The quality of life of IBS-D or FD patients is generally not high that has been demonstrated [51]. Also, the consistency of stool in patients with IBS-D or FD is between type 5 and type 7 on the Bristol stool scale [52]. Among them, abdominal pain is the main diagnostic standard of IBS-D, while FD is mainly diagnosed by excluding the possibility of other diseases [53]. The prevalence of FD and IBS-D in China is 1.72% and 1.54%, respectively [54]. Despite conventional drugs that can temporarily alleviate symptoms, many patients still suffer from the IBS-D or FD, and the recurrence rate was as high as 40% after 3 months. It has been reported that approximately 60.1% of the drug treatment patients stop taking drugs on their own due to the lack of obvious symptom improvement [55, 56]. At present, the etiology and pathogenesis of IBS-D or FD are not clear, but there is growing evidence that pathogenic factors may be related to inflammation, central nervous system disorders, and brain-gut interaction [57]. Serum vasoactive intestinal peptide (VIP) is a neurotransmitter that inhibits gastrointestinal motility and promotes the secretion of intestinal water and electrolytes [58]. 5-hydroxytryptamine (5-HT) as a neurotransmitter also widely exists in the central nervous system and gastrointestinal tract and can regulate gastrointestinal function [59, 60]. Acupuncture, as an alternative therapy for a variety of diseases [61–63], may have achieved the effect of treating IBS-D and FD by regulating nerve-related functions [64]. From the studies included in this review, we also found that acupuncture could improve clinical reports of VIP and 5-HT levels [31].
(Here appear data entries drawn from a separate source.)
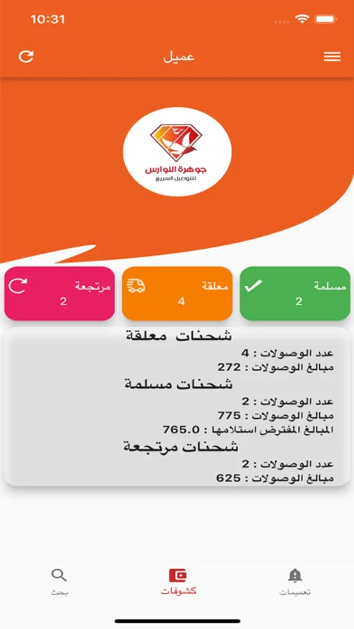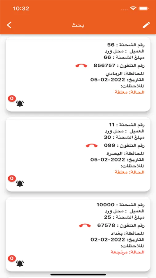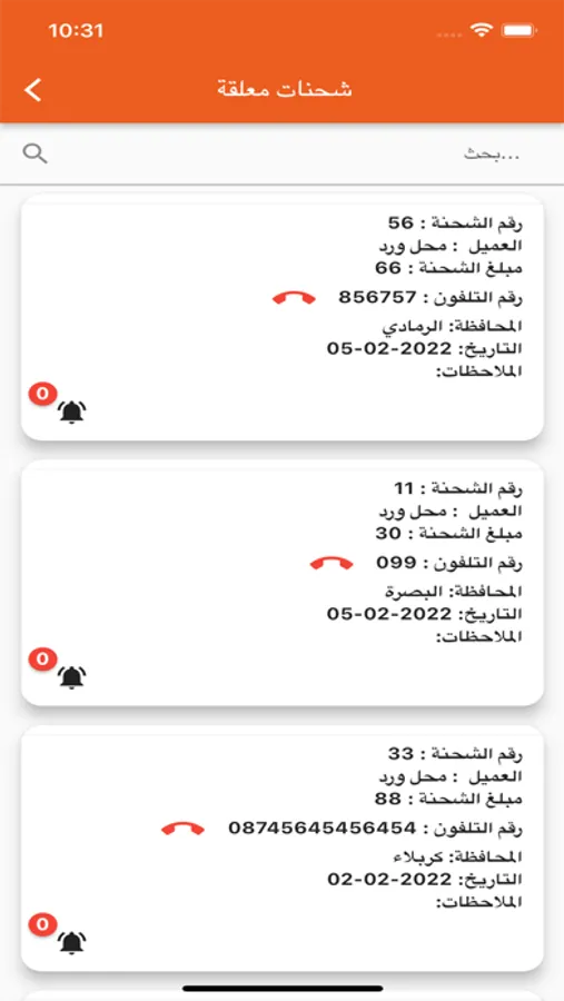واجهة عرض طلبات التوصيل واجراء التسليم والارجاع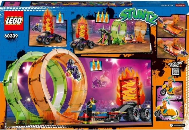 Stavebnice LEGO City Stuntz Kaskadérská dvojitá smyčka přináší dětem od 7 let nekonečné možnosti hraní. Skladba arény s ohnivou smyčkou, smyčkou s hadí tlamou a efektní ohnivou stěnou posouvá kaskadérské triky na novou úroveň. Motorky se setrvačníkem snadno naberou rychlost a vyrazí do akce, zatímco monster truck s rampou završí show velkolepým skokem.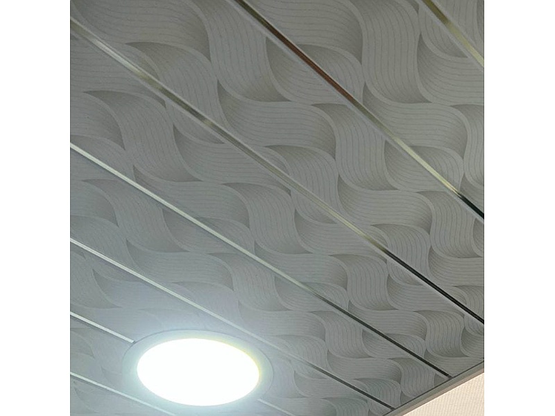 Color: El color base de los paneles es un blanco brillante, pero presentan un diseño impreso en relieve que simula ondas o curvas. Estas ondas tienen un ligero brillo metálico, posiblemente plateado o cromado.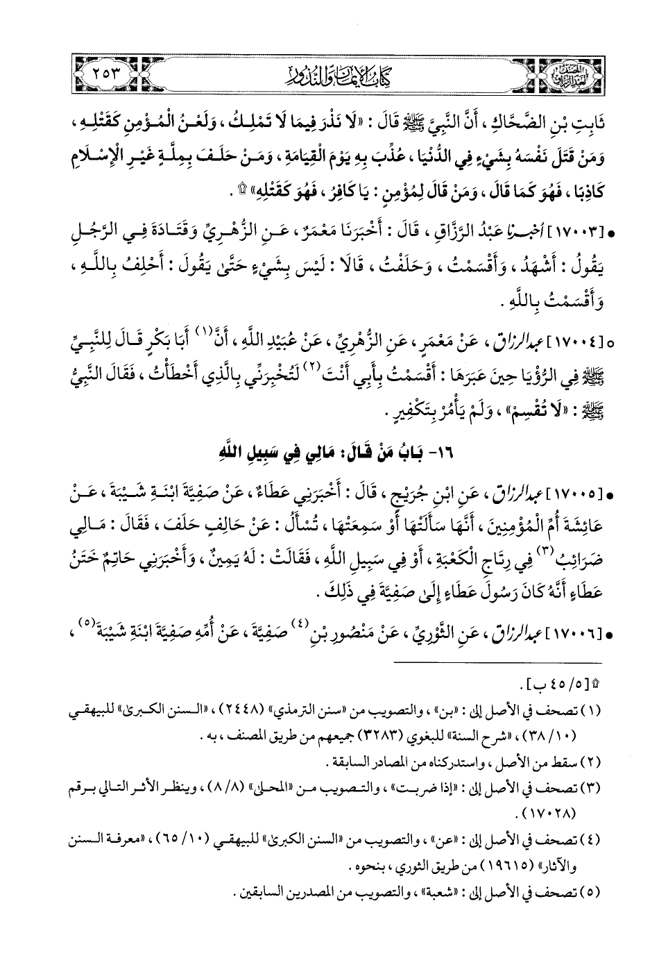 17004- عبد الرزاق، عَنْ مَعْمَرٍ، عَنِ الزُّهْرِيِّ، عَن عُبَيْدِ اللهِ، أَنَّ أَبَا بَكْرٍ قَالَ لِلنَّبِيِّ صَلَّى اللهُ عَلَيْهِ وَسَلَّمَ فِي الرُّؤْيَا حِينَ عَبَرَهَا: أَقْسَمْتُ بِأَبِي أَنْتَ لَتُخْبِرَنِّي بِالَّذِي أَخْطَأْتُ، فَقَالَ النَّبِيُّ صَلَّى اللهُ عَلَيْهِ وَسَلَّمَ: لاَ تُقْسِمْ، وَلَمْ يَأْمُرْ بِتَكْفِيرٍ.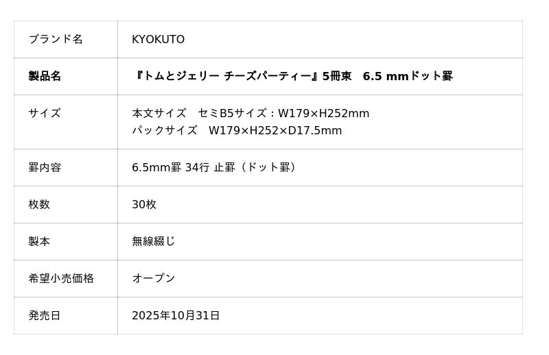 『トムとジェリー チーズパーティー』5冊束 6.5mmドット罫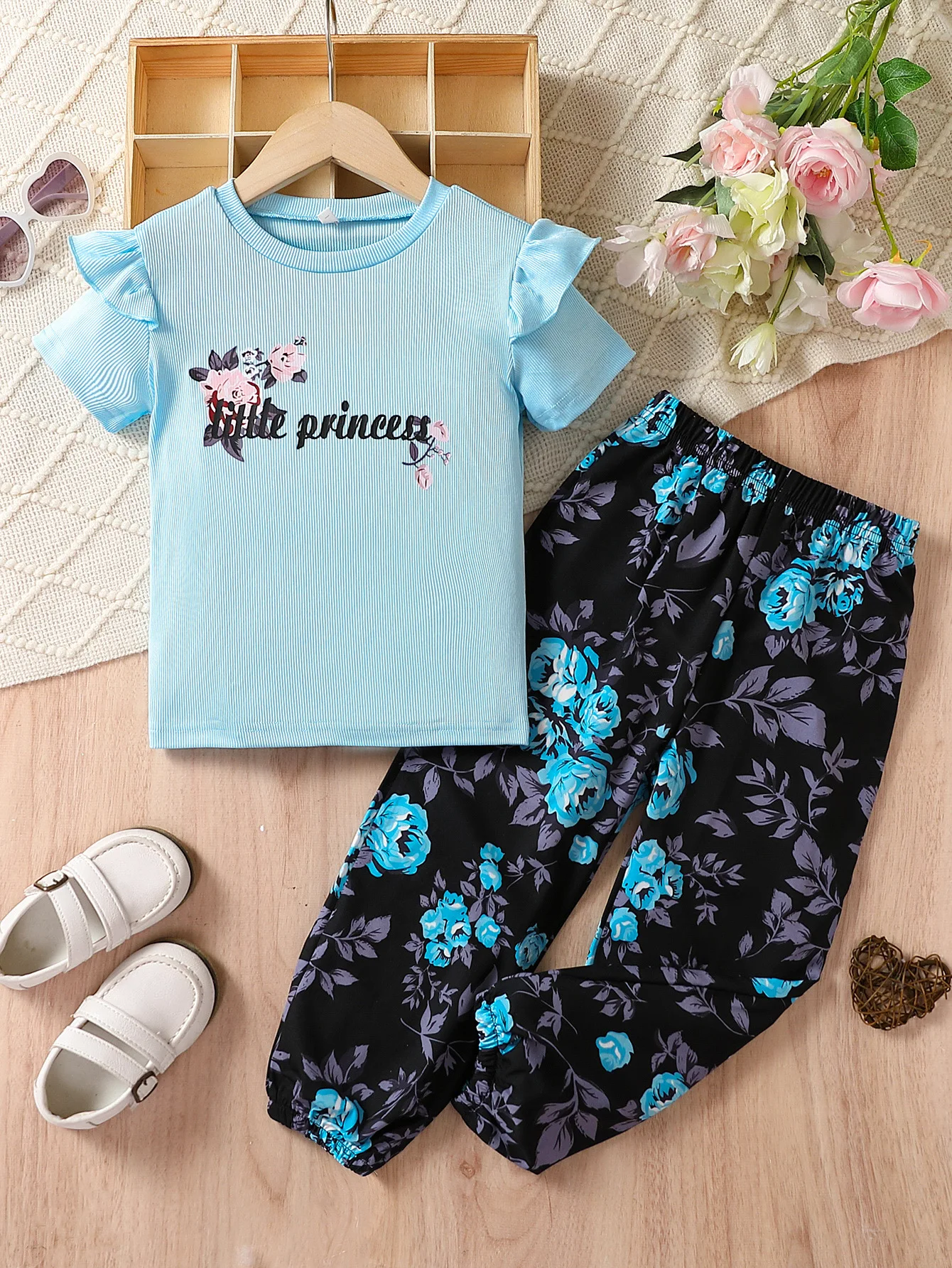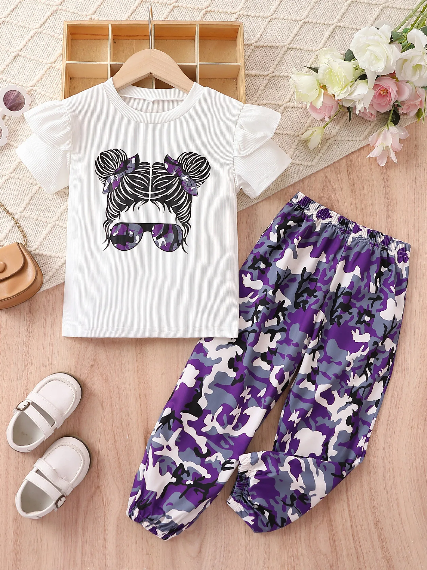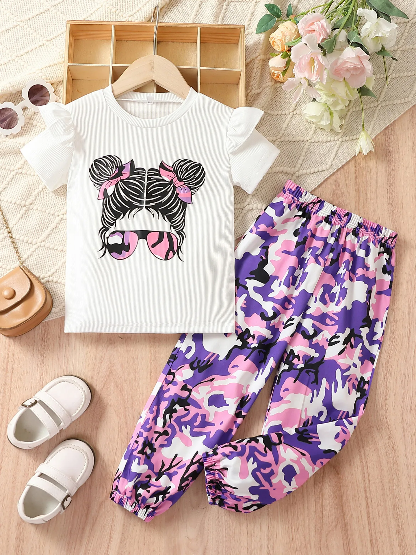 New Arrivals Summer Clothing Figure Graphic T-shirt Dot Wide Legs Pants Girls Set Personality Toddler Girl Clothes for Kids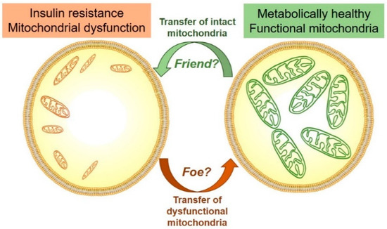 Is mitochondrial transfer in states of insulin resistance and mitochondrial dysfunction a friend or foe? In other pathological conditions, it has been shown that cells with mitochondrial impairments have the capacity to secrete mitochondrial cargo within exosomes that then impairs metabolic state of the recipient cells (i.e., foe). Other studies suggest that ‘healthy’ cells secrete mitochondrial cargo to improve the recipients cell metabolism (i.e., friend). Future studies will have to show if these phenomena are present states of mitochondrial dysfunction and insulin resistance.

According to the risk of bias summary and graph, the overall quality of our study is still low. Many studies were regarded as unclear risk of bias in terms of selection bias, performance bias, detection bias, and other bias. Incomplete outcome data in some studies led to a high bias, and we tried to contact authors but got no available datum. The inconsistent diagnostic standards of some studies may lead to the nonstandard diagnosis of FD and IBS-D. Only six studies [22, 32, 34, 48, 50] describe randomized methods and use blinding methods. The remaining studies do not specifically describe randomized or blind treatment methods, which could cause selection bias under the subjective choice of subjects or researchers. And most studies lacked the group of sham acupuncture, and only one study selected the acupuncture plus dicetel compared with sham acupuncture plus dicetel. So, the results of this study were merely a comparison between acupuncture and western medicine, and studies of sham acupuncture groups are still needed. Sensitivity analysis revealed the form of acupuncture, the method of scale scoring, the difference of acupuncture points, and the difference of oral medication in the control group that could be the sources of heterogeneity. In this study, electroacupuncture, warm acupuncture, and eye acupuncture were regarded as the same intervention, even the difference of acupuncture points was hard to keep consistent. Besides, in the clinic, different forms of acupuncture may have different stimulation and patient receptivity. So, potential biases could affect the accuracy of some results. Although our results avoided the high heterogeneity through removed some studies, the reduction in the number of patients affected the quality of the results.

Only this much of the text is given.